◆ Assignment: Instruction for the data below: set down exactly the lines from the line with "В центре Чебоксар" to the line with "1mg Panch Tulsi Drops", inclusive, and no others.

◆ Data provided:
____________________

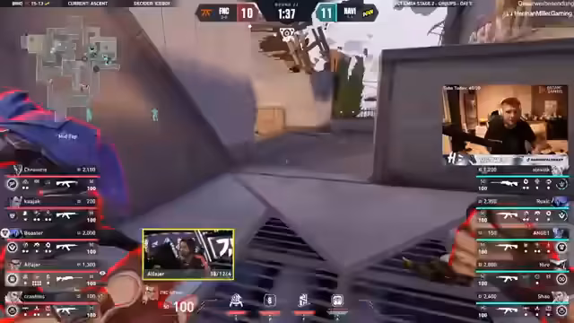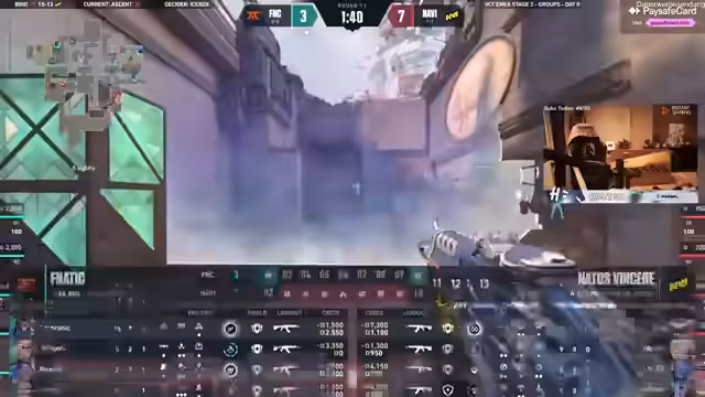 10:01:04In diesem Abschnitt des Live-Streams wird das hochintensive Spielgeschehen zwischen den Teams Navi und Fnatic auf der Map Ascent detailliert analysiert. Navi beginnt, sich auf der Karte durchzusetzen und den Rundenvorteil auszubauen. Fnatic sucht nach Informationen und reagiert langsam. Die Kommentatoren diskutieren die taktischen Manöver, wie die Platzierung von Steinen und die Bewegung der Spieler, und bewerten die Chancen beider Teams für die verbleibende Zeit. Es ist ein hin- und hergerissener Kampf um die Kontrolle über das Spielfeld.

____________________

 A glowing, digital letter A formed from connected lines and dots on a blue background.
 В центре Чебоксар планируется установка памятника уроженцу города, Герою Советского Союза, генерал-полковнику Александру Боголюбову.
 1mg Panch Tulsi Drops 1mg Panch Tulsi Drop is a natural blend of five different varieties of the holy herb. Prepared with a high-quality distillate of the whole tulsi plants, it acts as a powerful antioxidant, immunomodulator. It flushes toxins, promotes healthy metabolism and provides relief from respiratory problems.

____________________

◆ Exercise response:
 В центре Чебоксар планируется установка памятника уроженцу города, Герою Советского Союза, генерал-полковнику Александру Боголюбову.
 1mg Panch Tulsi Drops 1mg Panch Tulsi Drop is a natural blend of five different varieties of the holy herb. Prepared with a high-quality distillate of the whole tulsi plants, it acts as a powerful antioxidant, immunomodulator. It flushes toxins, promotes healthy metabolism and provides relief from respiratory problems.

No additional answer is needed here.